**PROBLEM DESCRIPTION:** Output everything in the data exactly, leaving the pictures out.

**MATERIAL PROVIDED:**
····················

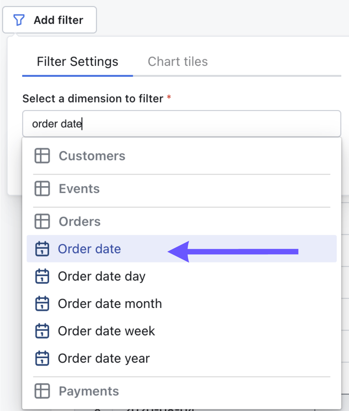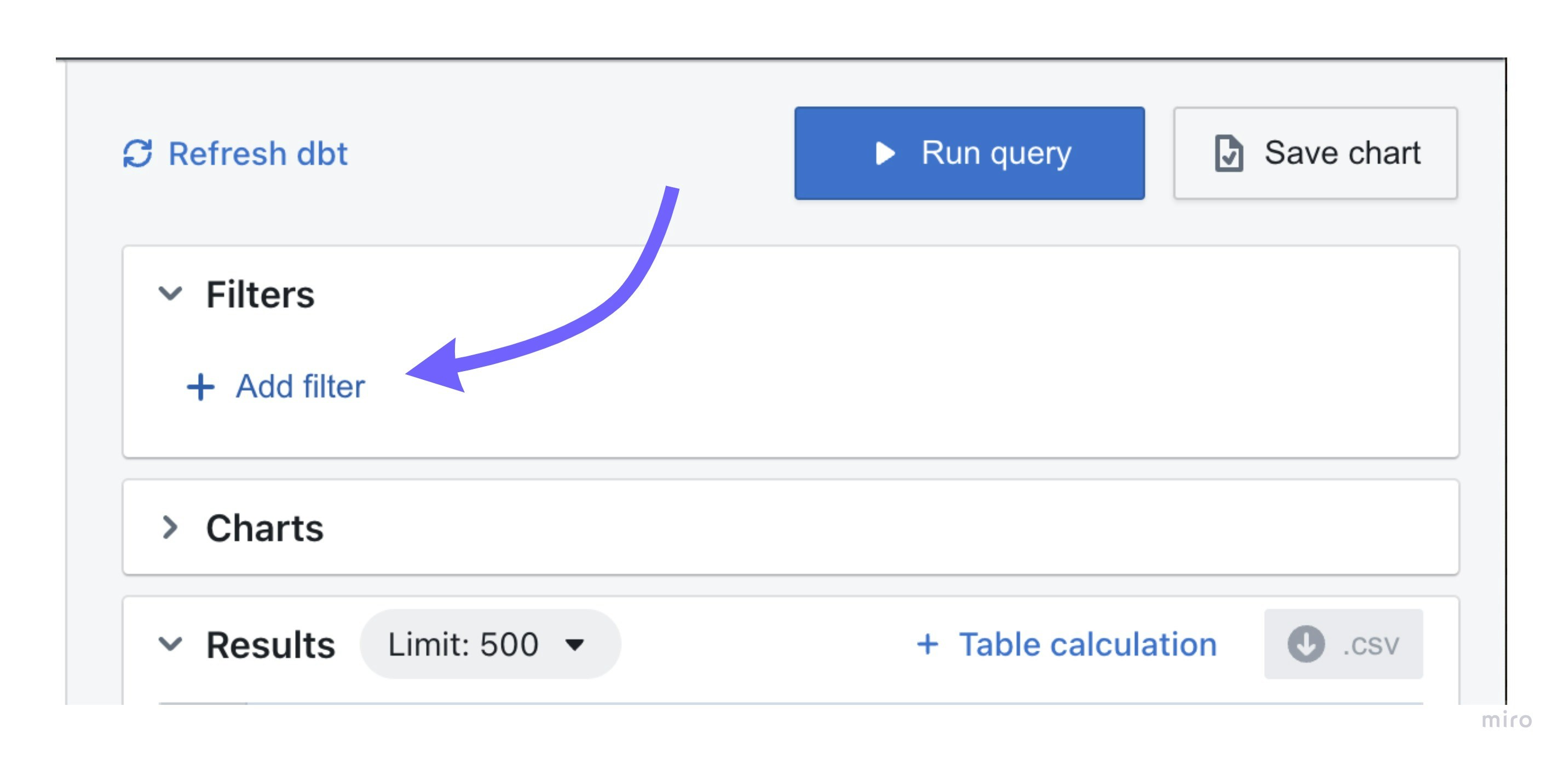 • On a dashboard with only SQL Runner-based tiles, filters are created a little differently since SQL charts are based on columns instead of semantic fields.
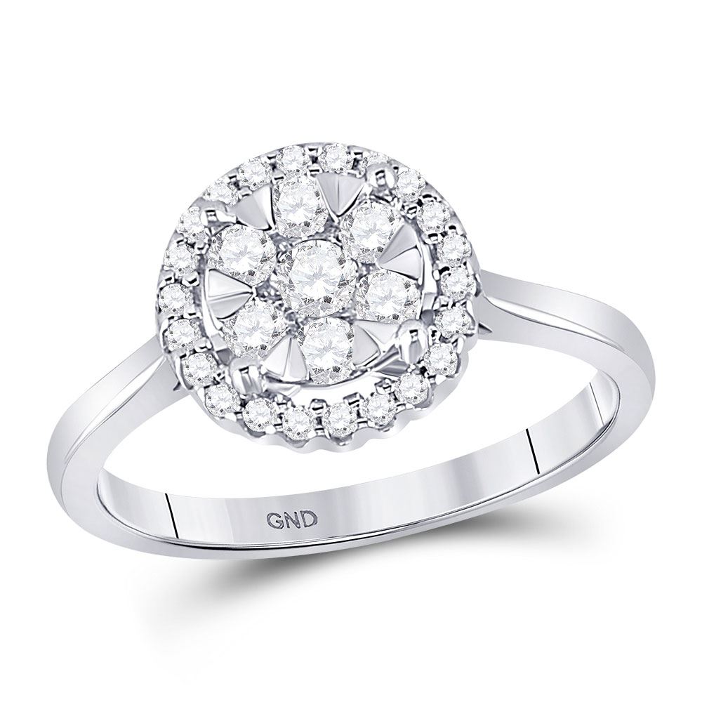 Round Diamond Halo Flower Cluster Ring 1/2 Cttw 10KT White Gold
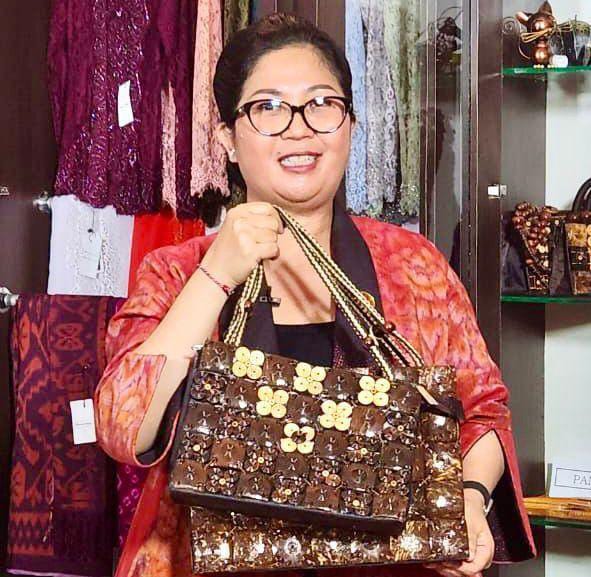 Sementara itu, untuk produk kerajinan lokal, Bunda Rai terus berupaya untuk mempromosikan tas berbahan batok kelapa atau yang biasa disebut “kau”. “Kita ini kan daerah agraris, kaya akan hasil-hasil pertanian, jadi kita manfaatkan potensi tersebut menjadi kerajinan berdaya jual seperti ini. Kreatifitas asli dari para pengrajin kita. Ini yang sedang kita usahakan untuk Go Internasional, kemarin sudah menjadi salah satu kerajinan yang terpilih dalam pameran G20” terangnya.

····················

**WRITTEN SOLUTION:**
 • On a dashboard with only SQL Runner-based tiles, filters are created a little differently since SQL charts are based on columns instead of semantic fields.
 Round Diamond Halo Flower Cluster Ring 1/2 Cttw 10KT White Gold
 Sementara itu, untuk produk kerajinan lokal, Bunda Rai terus berupaya untuk mempromosikan tas berbahan batok kelapa atau yang biasa disebut “kau”. “Kita ini kan daerah agraris, kaya akan hasil-hasil pertanian, jadi kita manfaatkan potensi tersebut menjadi kerajinan berdaya jual seperti ini. Kreatifitas asli dari para pengrajin kita. Ini yang sedang kita usahakan untuk Go Internasional, kemarin sudah menjadi salah satu kerajinan yang terpilih dalam pameran G20” terangnya.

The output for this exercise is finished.